President said at coronavirus briefing that business and medical leaders will help him with ‘the biggest decision’ he’s had to make
David Smith in Washington – The Guardian
Donald Trump will next week announce a council of business and medical leaders to help him with the “biggest decision I’ve ever had to make” on when to reopen America for business in the midst of a global pandemic.
Facing criticism from traditional allies over his often combative daily coronavirus taskforce briefings, the president adopted a more emollient demeanour during Friday’s marathon two-hour-plus session.
Trump and his public health experts pointed to hopeful signs that the spread of the coronavirus could be slowing and the final death toll lower than once projected. This had fuelled reports that Trump is set to shift focus and appoint an economic task force.

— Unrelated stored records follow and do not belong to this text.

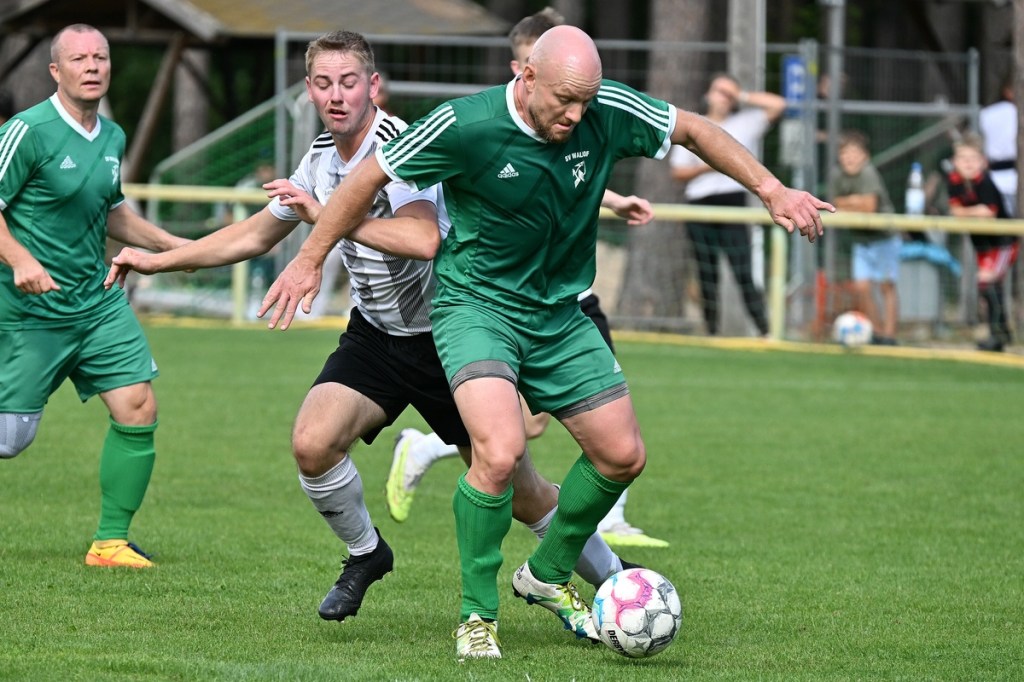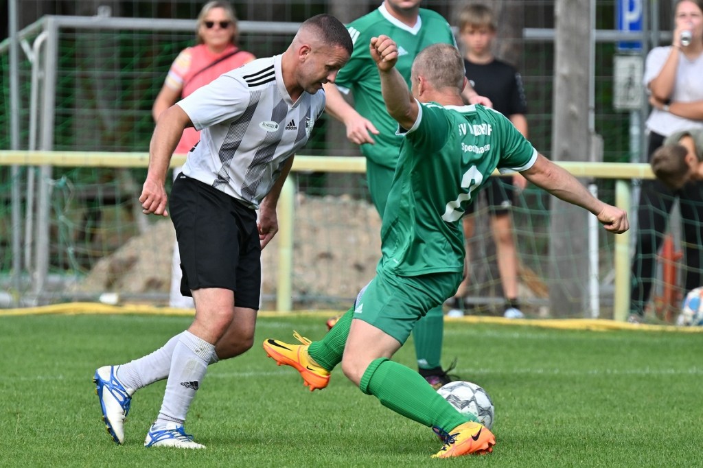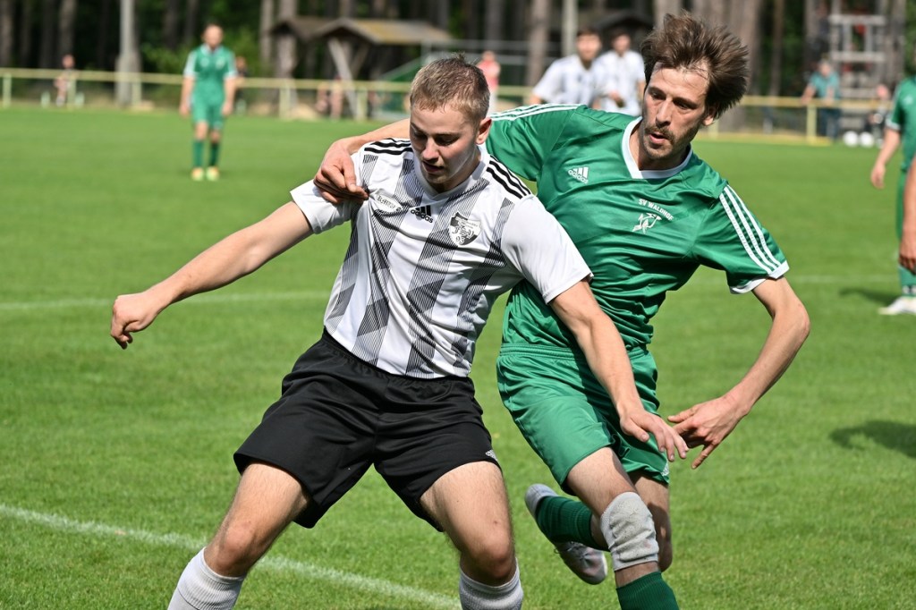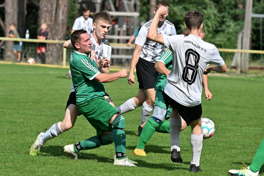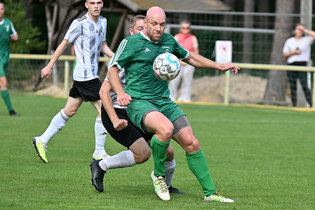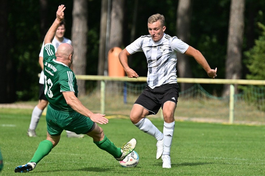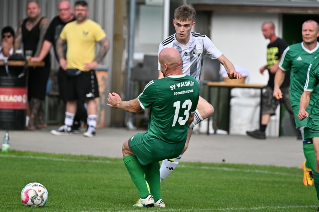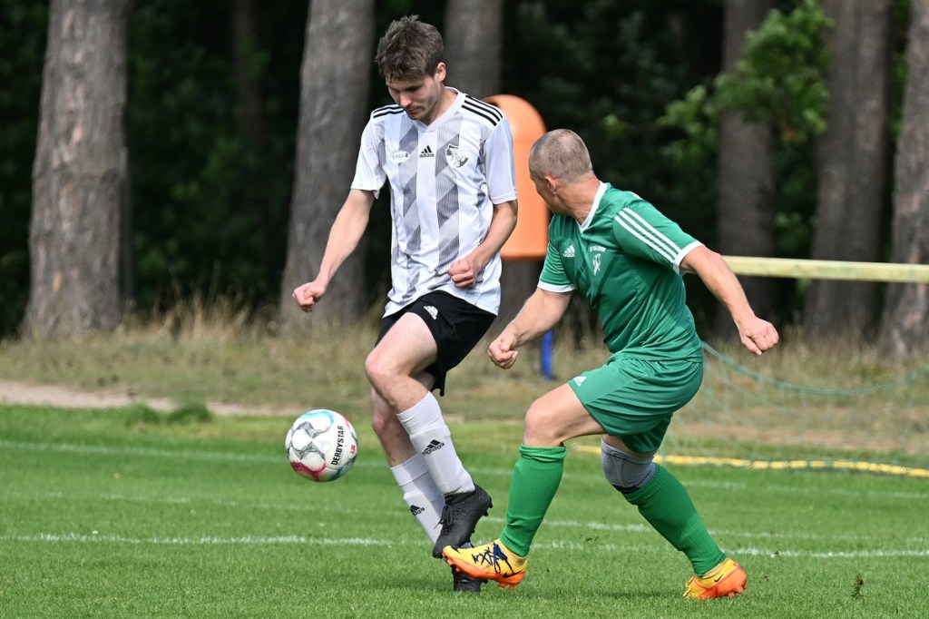 Die Partie begann mit einer sechsminütigen Belagerung der Hausherren rund um den Friedrichswalder Strafraum. Dabei zeigten die Waldhöfer, dass sie nicht nur ein tolles Geläuf haben, sondern dass auch Struktur gepaart mit Erfahrung in der Angriffsbemühungen zu qualitativ gutem Fußball führen kann. Eine Kette von Eckbällen ließ die Gäste kaum Luft holen. So war es Spechthausens Mannschaftskapitän mit der Nummer 6 (k.A.) der mit einem Lattentreffer in der 3. Minute die klare Ansage der Hausherren untermauerte. Friedrichswalde konnte von Glück reden, in den Anfangsminuten nicht mindestens die erste Bude kassiert zu haben. Zum ersten Mal zuckte die Gästeoffensive nach sechs Minuten, als Paul Bertram stramm aus der zweiten Reihe abzog und dabei Waldhof-Keeper Tom Freund in eine erfolgreiche Prüfung schickte. Trotzdem blieben die Spechthausener weiter im Vorwärtsgang und kamen durch Robert Kreuzer zur frühen Führung. Eine softe Eingabe in den Strafraum verwertete Kreuzer sehenswert in Seitfallzieher-Manier und ließ sich dafür berechtigterweise feiern (9.). Waldhof knabberte weiter an der Ergebnis-Erhöhung, doch mehr als ein paar Halbchancen sprangen dabei nicht mehr heraus. Was den Angriffsbemühungen an Überzeugung fehlte, war die Konsequenz und Kaltschnäuzigkeit. Dazu gesellte sich viel Hektik im Aufbau und eine gewisse Schludrigkeit in der Zielfindung. Friedsrichwalde hingegen kam nun besser in die Partie, blieb aber weiterhin hinter den Erwartungen zurück. Als dann Mairbek Timirbulatov in der 18. Minute für die Heimtruppe nach einer Ecke per Kopfball auf 2:0 stellte, keimten für die Gäste keinen positiven Vorahnungen. Die Partie tauchte in der Folge immer mehr in die Rustikalität ab. Dabei lag der Grad des Überschreitens schon mehr bei der Heimmannschaft. Die Gäste waren zwar etwas besser im Spiel, agierten aber viel zu fehlerbehaftet in der Spieleröffnung. Spechthausen nahm die Einladungen an, blieb aber in der Konsequenz viel zu gastfreundlich. Letztendlich kam es so wie es kommen musste. Der auffälligste Gäste-Akteur, Paul Bertram, belohnte sich nach einigen Versuchen und erzielte in der 38. Minute den Anschlusstreffer. In der Entstehung des Treffers übersah aber Referee Niklas Peter Martitz eine klare Abseitsstellung, aus dessen der Pass zum Torschützen kam und dann das Tor erzielt wurde. Nur einhundertzwanzig Sekunden später lag der mögliche Zwei-Tore-Abstand förmlich in der Luft. Ein langer Ball auf Mairbek Timirbulatov brachte eine Eins-gegen-Eins-Situation, bei der dem Waldhöfer die Nerven versagten und den Ball schon recht kläglich neben den Kasten seinen Weg ins Aus fand. Den Schlusspunkt des ersten Durchganges setzte Paul Bertram. Doch er hatte doppelt Pech. Zum Ersten blieb sein Schuss mit händischer Unterstützung am liegenden Waldhöfer Jan-Ole Boness hängen und zum Zweiten blieb der fällige Hand-Strafstoßpfiff aus (44.).
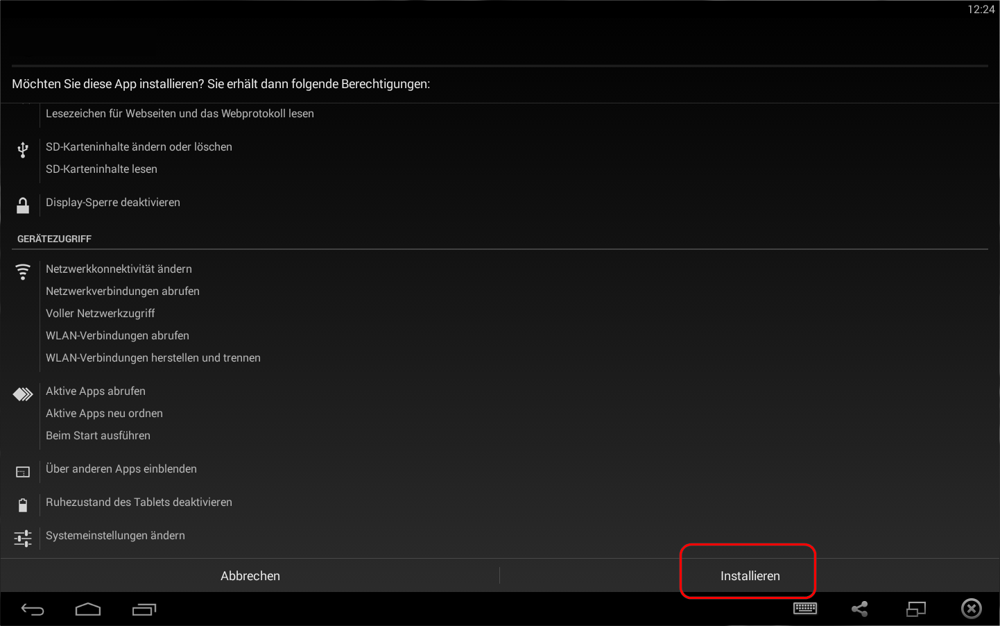 Tippen Sie in dem jetzt geöffneten Installationsfenster nach Durchsicht der weiteren Optionen auf → Installieren um den Installationsvorgang fortzusetzen.
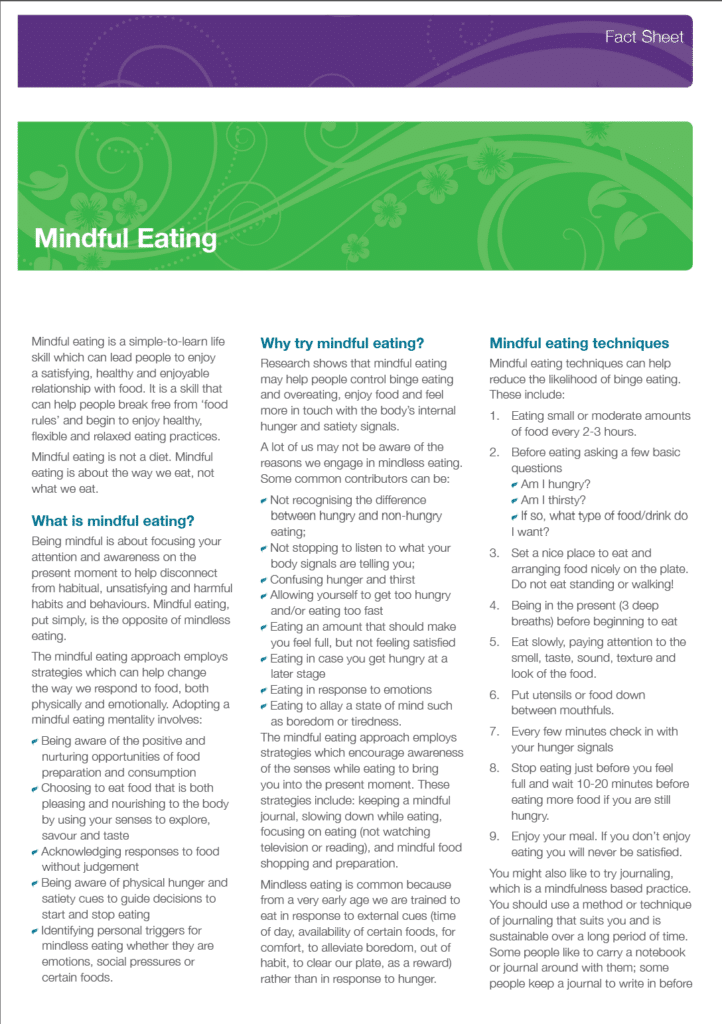 Examples of mindful eating practices highlighted in the resource include:
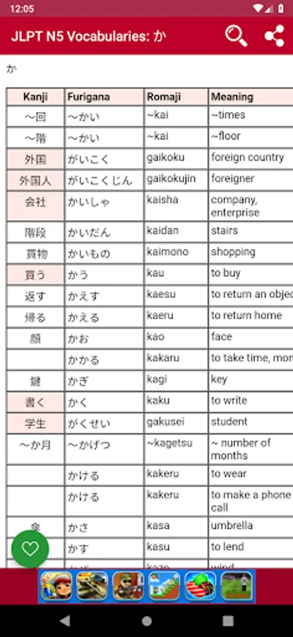 + JLPT N5 - Kanji: Help you to learn Kanji and after learn, you can test your kanji the same way as the JLPT N5 exam.
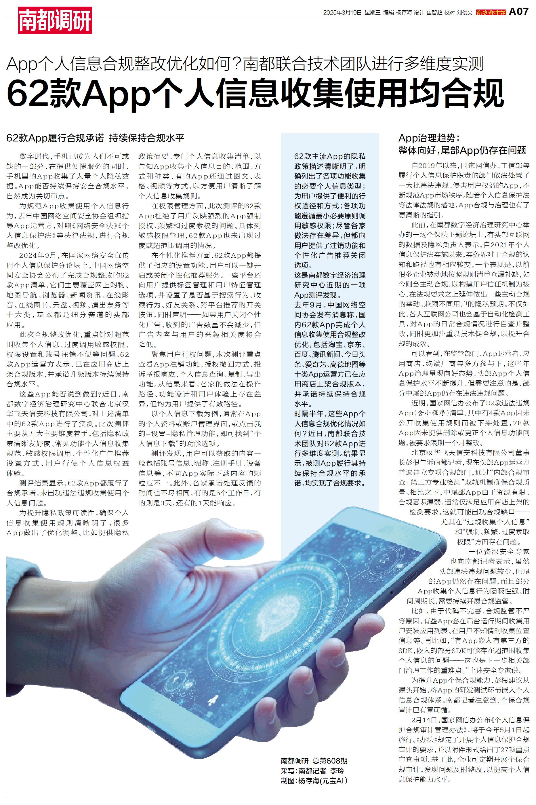 时隔半年,这些App个人信息合规优化情况如何?近日,南都联合技术团队对62款App进行多维度实测。结果显示,被测App履行其持续保持合规水平的承诺,均实现了合规要求。

“This is beyond economic,” he told reporters. “I call it the ‘opening our country taskforce’ or ‘opening our country council’ so we don’t get it confused with Mike’s [Pence] taskforce, which has done so great.
“And we’re going to have the great business leaders, the great doctors, we’re going to have a group of people. We’ll probably do it by teleconference because we don’t really travelling in for their own purposes. I don’t think it would look good, also.”
Trump added: “I want to get it open as soon as possible. This country was meant to be open and vibrant and great… The facts are going to determine what I do. But we do want to get the country open.”
He promised the council will be announced on Tuesday “with names that you have a lot of respect for, a lot of great names, different businesses, different people … I want their views on what they think”.
The current “stop the spread” federal guidelines finish on 30 April and pressure is building on Trump to reopen at least parts of the economy, which has gone into free fall and shed more jobs than in the 2008-09 Great Recession. But with infections approaching half a million, public health experts fear that pushing too soon could result in a second wave of cases.
America has tested less than 1% of its population, leaving it way behind other nations on testing per capita, yet Trump dismissed questions on this issue.
Dr Anthony Fauci, the head of the National Institute of Allergy and Infectious Diseases, cautioned on Friday: “We’re starting to see the leveling off … but it’s important to remember that this is not the time to feel that since we have made such an important advance in the sense of success of the mitigation that we need to be pulling back at all.”
Dr Deborah Birx, the response coordinator, added that as encouraging as the signs are, “we have not reached the peak, and so every day we need to continue to do what we did yesterday and the week before and the week before that, because that’s what, in the end, is going to take us up across the peak and down the other side”.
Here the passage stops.